Sekali lagi yang menjadi masalah, bukanlah alternatif atas penempatan dana atau investasi yang
dilakukan. Namun yang perlu diperhatikan adalah prioritas dan jumlah atas penempatan dana
tersebut. Maksudnya, prioritas yang utama bagi Perbankan adalah penempatan dana dalam bentuk
kredit dalam jumlah (saat ideal) mesti mengalami peningkatan.
Kinerja Pasar Modal
Beberapa indikator untuk menilai kinerja pasar modal, tampak dalam gambar berikut:
IHSG
5297
Kapitalisasi Pasar
5753613
Jumlah Emiten
537
PER
16,05
Sumber: Diolah dari Statistik Sistem Keuangan Indonesia
Bulan Pebruari 2017, Bank Indonesia
Di Bursa Efek Indonesia, saat ini memilki emiten berjumlah 537 perusahaan dengan kapitalisasi pasar
sebesar Rp. 5.7 Triliyun lebih. IHSG pada bulan Desember 2016 pada titik 5.297 dengan tingkat Price
Earning Ratio (PER) sebesar 16.05x. Jumlah emiten memang perlu selalu ditingkatkan, dengan
memberikan insentif berupa deregulasi peraturan yang memungkinkan perusahaan kecil dan
menengah untuk bisa mengakses sumber permodalan melalui pasar modal. Tentunya peningkatan
jumlah emiten ini perlu pula disertai dengan peningkatan jumlah investor dipasar modal, khususnya
investor individual atau investor ritel.
Dengan meningkatkan jumlah emiten dan jumlah investor, diharapkan pasar modal semakin
kredibel. Dalam arti tidak mudah bagi kelompok investor melakukan gerakan price maker dengan
perbuatan tertentu. Emiten dan investor yang meningkatkan akan meningkatkan kapitalisasi pasar
modal, sehingga tidak mudah atau menutup peluang price maker oleh investor tertentu. Untuk itu,
deregulasi bagi emiten baru serta peningkatkan perlindungan bagi investor kecil mutlak diperlukan,
dan tidak kalah penting adalah memberikan literasi keuangan yang cukup bagi masyarakat.

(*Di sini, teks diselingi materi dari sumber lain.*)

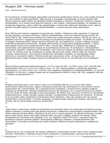 AutoRok.PL / DesignForum.PL Peugeot 308 - Pierwsza jazda Autor: Wojciech Sierpowski Po raz pierwszy od kiedy Peugeot wprowadził numeryczne oznakowanie swoich aut, nowy model otrzymał ten sam symbol co jego poprzednik. Stało się tak w przypadku wchodzącego na scenę modelu 308, którym pierwsze jazdy odbyły się niedaleko kolebki Peugeota w Sochaux. Zwolennicy dobrych trunków powiedzieliby, że w krainie wina jaką jest Alzacja, a fani rajdów z pewnością dodaliby, że niedaleko od miasteczka Haguenau, gdzie urodził się najzdolniejszy z kierowców rajdowych Sebastien Loeb. Jednym słowem wszystko zależy od punktu widzenia – i to samo dotyczy oceny samochodu. Mnie 308-ka pod wieloma względami skojarzyła się z Golfem. Odwieczny lider segmentu C imponuje wysoką jakością, precyzją wykonania i dobrym prowadzeniem. Cechy te świetnie pasują również do nowej 308-ki. Ba. nawet zarys sylwetki tych dwóch aut wydał się bardzo zbliżony. Nie da się ukryć, że czerpanie wzorców z najlepszych zwykle okazuje się skuteczną receptą na sukces. To jednak nie oznacza, iż Peugeot skopiował Golfa. Design zarówno karoserii jak i jej składowych, a także wnętrza wyraźnie podkreśla pochodzenie samochodu. Peugeot 308 powstał na nowej płycie podłogowej EMP2, z której skorzystają również inne modele koncernu PSA, a nawet Ople. Platforma ta odznacza się większą sztywnością i jest zdecydowanie lżejsza od wcześniejszej konstrukcji. W powiązaniu z odchudzeniem pozostałych zespołów i pojedynczych elementów, auto może być lżejsze od swojego poprzednika nawet o 140 kg. Tę różnicę czuje się niezależnie od silnika jaki tkwi pod maską. 308-ka stała się wyraźnie żwawsza, lepiej hamuje i precyzyjniej prowadzi się. Odniosłem wrażenie, że największego skoku dokonano w wyciszeniu kabiny. Podczas jazdy jest rzeczywiście cicho i do tego komfortowo, ale jednocześnie gdy trzeba, Peugeot okazuje się dostatecznie twardy, by nie pochylać się na zakrętach. Gamę silnikową stanowią silniki benzynowe 1.2 VTi o mocy 82 KM i 1.6 THP o mocy 125 i 155 KM oraz wysokoprężne HDi 1.6 o mocy 92 i e-HDi o mocy 115 KM. Wiosną dojdzie 3-cylindrowa jednostka benzynowa e-1.2 THP o mocy 110 i 130 KM, oraz wyjątkowo ekologiczny turbodiesel BlueHDi 1.6-120 KM i BlueHDi 2.0-150 KM. Z czasem pojawi się też usportowiona 308-ka o mocy 200 KM, względnie 180 KM w wydaniu wysokoprężnym. Wnętrze utrzymane jest w tym samym stylu co w mniejszej 208-ce, a co za tym idzie mamy ekstremalnie małą kierownicę i zegary umieszczone powyżej niej. Rozwiązanie to ma zarówno swoich zwolenników jak i przeciwników, ale z pewnością jest oryginalne. Z prawej strony zestawu zegarów znajduje się obrotomierz, którego wskazówka porusza się nietypowo, bo w przeciwną stronę niż zwykle czyli od prawej do lewej. Wymaga to przyzwyczajenia, ale faktem jest, że tworzy symetrię ze wskazówką prędkościomierza. Liczbę różnego rodzaju pokręteł i przełączników zredukowano do minimum. W zamian za to po środku deski rozdzielczej umieszczono ekran dotykowy, który jak wiadomo też ma swoich zwolenników i przeciwników. Ci drudzy powiedzą, że lepiej byłoby zastosować dżojstik, albo jak kto woli myszkę. Na ten temat długo można by dyskutować. Jeśli chodzi o ergonomię, szkoda że przycisków do otwierania okien nie przesunięto bardziej do przodu. Ogólne wrażenie z wnętrza auta jest bardzo pozytywne, zwłaszcza że otrzymujemy wygodne fotele, które można odsuwać bardzo daleko. Wsiadanie do tyłu jest w miarę wygodne, bo ułatwia je pionowo wycięta górna część otworu drzwi oraz ścięty narożnik ławy, ale drzwi mogłyby otwierać się szerzej. Mimo kompaktowych rozmiarów auta (długość 4,25 m), bagażnik mieści 470 litrów i oczywiście daje się powiększyć poprzez złożenie siedzeń. Wyposażenie zwłaszcza związane z bezpieczeństwem jest imponujące. Z zewnątrz symbolizują je w pełni diodowe reflektory seryjnie stosowane w bogatszych wersjach. Ciekawe jest to, że w zależności od rodzaju reflektorów, montowane są dwie różne osłony całego przodu karoserii. Generalnie o nadwoziu można mówić wyłącznie w superlatywach; odznacza się dobrym http://mas.auto.pl Kreator PDF Utworzono 3 March, 2017, 16:28 AutoRok.PL / DesignForum.PL stonowanym designem oraz niskim współczynnikiem doskonałości aerodynamicznej Cx-0,28. Do tego wydaje się urokliwe, o co w segmencie stawiającym na funkcjonalność wcale nie łatwo. Wojciech Sierpowski Galeria zdjęć http://mas.auto.pl Kreator PDF Utworzono 3 March, 2017, 16:28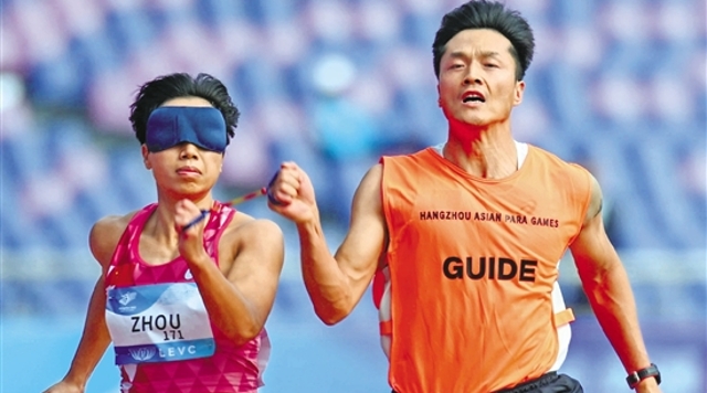 在女子100米T11比赛中,周国华(左)在领跑员贾登璞的协助下完成比赛。 本报记者 董旭明 摄

Saat melihat nilai PER sesungguhnya kita melihat kepantasan dari harga suatu saham. Dengan PER
16x itu bermakna bahwa saham tersebut dijual dengan harga 16x lebih besar daripada keuntungan
per lembar saham/earning per share (EPS). Karena data dalam Statistik Sistem Keuangan tersebut
adalah data umum atau rata-rata, maka pemaknaan dari PER tersebut adalah secara rata-rata, harga
saham pada bulan Desember 2016 ditransaksikan dengan harga 16.05x lebih besar daripada EPSnya. Nilai EPS yang kecil merupakan insentif bagi investor untuk masuk ke pasar modal. Namun
dalam analisa investasi tentunya tidak bisa dilakukan generalisasi terkait dengan nilai PER. Melihat
PER masing-masing saham menjadi penting.
Daftar Pustaka
Bank Indonesia, Statistik Sistem Keuangan Indonesia, Bulanan, Pebruari 2017, diakses di
www.bi.go.id pada tanggal 8 Maret 2017.